What got me, though, in the end was the sides.  I haven't had KFC in forever, so I couldn't pass up the usual favorites: cole slaw and mashed potatoes.  Like any dining out experience for the health conscious, the sides can be just as dangerous as the main course, if not more.  Luckily, there are better options on the menu, including green beans, mean greens (whatever that is), and good old-fashioned corn on the cob. 

In the end, this new KGC will not and should not be considered healthy eating by anyone (no surprise there).  But for people with kids who are coerced into eating more fast food than they'd like, or recovering junk foodies like myself, it provides options, and for that KFC should be applauded.  

Now if you'll excuse me, Han and I are getting ready to go get chicken fried steak at Hoover's.  (Which way is the gym?)

Wednesday, April 15, 2009

The Mighty Cone

Q: What are two things that don't go together at all?
A: Moving and running a food blog.

I know the updates have been few and far between these days.  Stress like this generally leads to stress eating, and I was pretty sure there wouldn't be any interest in reading an entry on the Mueller Center Papa John's.  

Anyways, I did get a chance the other day to try out the new Mighty Cone trailer in the rapidly-developing nouveau-South Austin Trailer Park on S. Congress. (What is it with Austinites and trailers anyways?) 

For those of you who don't know, Hudson's On the Bend has a booth every year at the Austin City Limits food court, and their cones are so popular, the line for the Hudson's booth is usually the longest in the food court by far.  So then some higher up, somewhere, said to herself, "Why not offer these cones up year round?" And hence, the Mighty Cone was born. 

The Mighty Cone trailer offers the same delicious cones that they sell at ACL: chicken, shrimp, or avocado fried in a mixture of corn flakes, nuts, and spices, wrapped in kind of a tortilla ($4.95, $5.45 for shrimp). You can also get deluxe cones that combine chicken and avocado ($5.95) or shrimp and avocado ($6.45). 

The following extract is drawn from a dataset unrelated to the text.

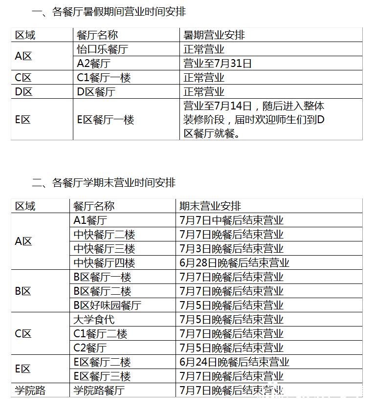 根据学校放假的通知精神,现将各餐厅学期末及暑假期间营业时间安排如下:

In addition, the Mighty Cone also has new sliders, both beef ($5.75) and veggie ($5.25) that come with a side of chili-dusted fries. 

There's limited seating available but if you're lucky to get a spot the tables come equipped with "cone holders," which I really appreciated. 

All in all, I think there's two ways to look at the Mighty Cone. One one hand, the food is, of course, delicious. And eating at the Mighty Cone is certainly friendlier on the wallet than dropping three digits at the real Hudson's. 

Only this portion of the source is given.